The development of large quantum computers will have dire consequences for cryptography. Most of the symmetric and asymmetric cryptographic algorithms are vulnerable to quantum algorithms. Grover's search algorithm gives a square root time boost for the searching of the key in symmetric schemes like AES and 3DES. The security of asymmetric algorithms like RSA, Diffie Hellman, and ECC is based on the mathematical hardness of prime factorization and discrete logarithm. The best classical algorithms available take exponential time. Shor's factoring algorithm can solve the problems in polynomial time. Major breakthroughs in quantum computing will render all the present-day widely used asymmetric cryptosystems insecure.
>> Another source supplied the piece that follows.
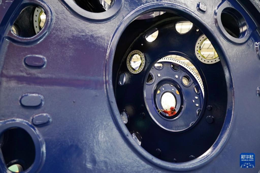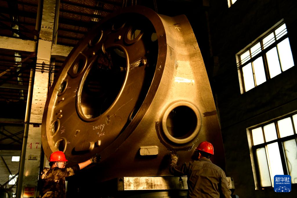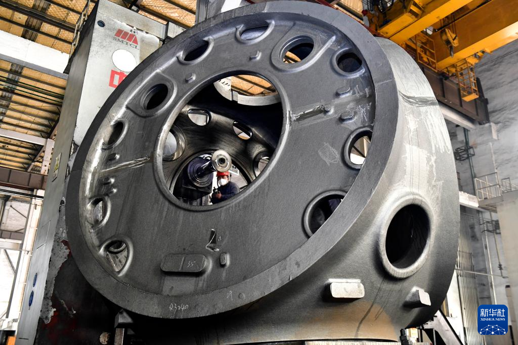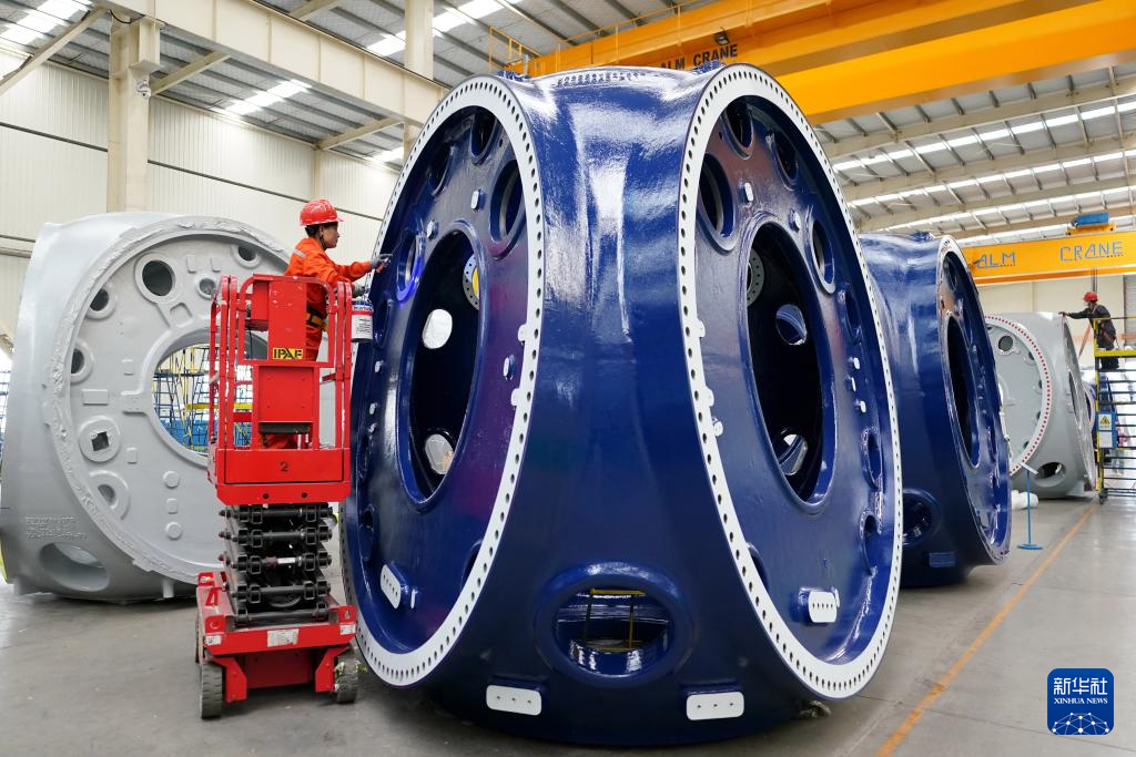 10月8日,在惠民县风电装备制造产业园,工人在加工风电轮毂。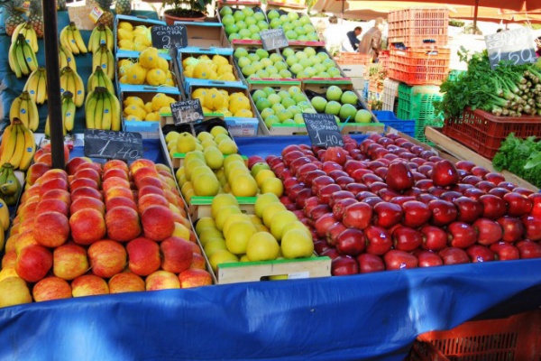 Open air greengrocers hand out produce

This paper analyzes the vulnerability of the classical cryptosystems in the context of quantum computers discusses various post-quantum cryptosystem families, discusses the status of the NIST post-quantum cryptography standardization process, and finally provides a couple of future research directions in this field.

翻译：大型量子计算机的开发将给加密系统带来严重后果。 大部分对称和不对称加密算法都容易受量子算法的影响。 Grover的搜索算法为在AES和3DES等对称方案中搜索关键数据提供了平方根时间的加速度。 诸如RSA、 Diffie Hellman和ECC等不对称算法的安全性基于质因子化和离散对数法的数学硬度。 最佳古典算法需要指数化的时间。 Shor的推算算算法可以解决多种时间的问题。 量子计算的重大突破将使当前所有广泛使用的不对称加密系统变得不安全。 本文分析了量子计算机背景下古典加密系统的脆弱性, 讨论各种Quntum后加密系统家庭, 讨论NIST后Qunetum加密系统标准化进程的状况, 并最终提供了该领域的几项未来研究方向。